Complete Pipeline Flow¶
┌─────────────────────────────────────────────────────────────────────────┐
│ GENOMICS TO DRUG DISCOVERY PIPELINE │
└─────────────────────────────────────────────────────────────────────────┘
Phase 1: Prerequisites Phase 2: Authentication
┌─────────────────────┐ ┌─────────────────────┐
│ Docker + GPU Check │ ──────► │ NGC Login + Pull │
└─────────────────────┘ └─────────────────────┘
│
▼
Phase 3: Processing
┌─────────────────────────────────┐
│ FASTQ → BAM → VCF │
│ (GPU-accelerated Parabricks) │
└─────────────────────────────────┘
│
▼
Phase 4: RAG Chat
┌─────────────────────────────────┐
│ Milvus + Evidence + Streamlit │
│ Query: "EGFR variants?" │
└─────────────────────────────────┘
│
▼
Phase 5: Target Selection
┌─────────────────────────────────┐
│ Hypothesis + Cryo-EM (7SYE) │
│ Binding site identification │
└─────────────────────────────────┘
│
▼
Phase 6: Molecule Generation
┌─────────────────────────────────┐
│ BioNeMo MolMIM │
│ SMILES → Wet Lab │
└─────────────────────────────────┘
═══════════════════════════════════════════════════════════════════════════
Input: Raw FASTQ reads (~200GB)
Output: Ranked drug candidate molecules (SMILES/SDF)

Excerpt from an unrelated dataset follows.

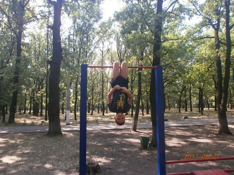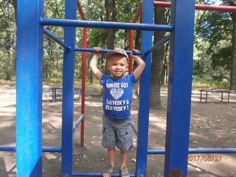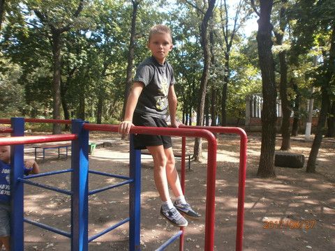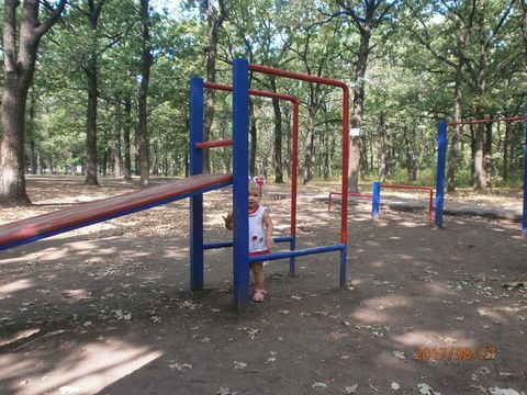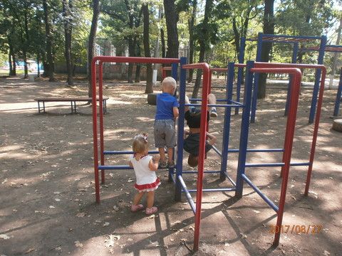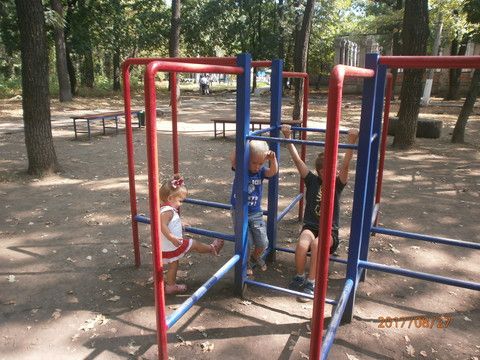 потом мы проходили мимо тренировочной площадки и малышня не смогла пройти мимо турников, Полинка глядя на братиков и себе туда же)))

═══════════════════════════════════════════════════════════════════════════
Technology Stack¶
| Phase | Primary Technologies |
|---|---|
| 1-3 | Docker, NVIDIA Parabricks, CUDA, BWA-MEM2, DeepVariant |
| 4 | Milvus, sentence-transformers, Streamlit, vLLM/OpenAI |
| 5 | PDB/RCSB API, PyMOL/ChimeraX, BioPython |
| 6 | NVIDIA BioNeMo, MolMIM, RDKit |
Hardware Requirements¶
| Phase | GPU | RAM | Storage |
|---|---|---|---|
| 1-3 | NVIDIA GPU (16GB+ VRAM) | 64GB+ | 500GB+ NVMe |
| 4 | Optional (CPU embeddings OK) | 32GB+ | 50GB |
| 5 | Optional | 16GB+ | 10GB |
| 6 | NVIDIA GPU (24GB+ VRAM recommended) | 64GB+ | 100GB |
Status Checklist¶
- Phase 1: Prerequisites - Complete
- Phase 2: Authentication - Complete
- Phase 3: Data & Processing - Complete
- Phase 4: RAG Chat - Pending
- Phase 5: Target Selection - Pending
- Phase 6: Molecule Generation - Pending
Clinical Decision Support Disclaimer
This pipeline is a research tool. It is not FDA-cleared and is not intended as a standalone diagnostic device. All recommendations should be reviewed by qualified healthcare professionals. Apache 2.0 License.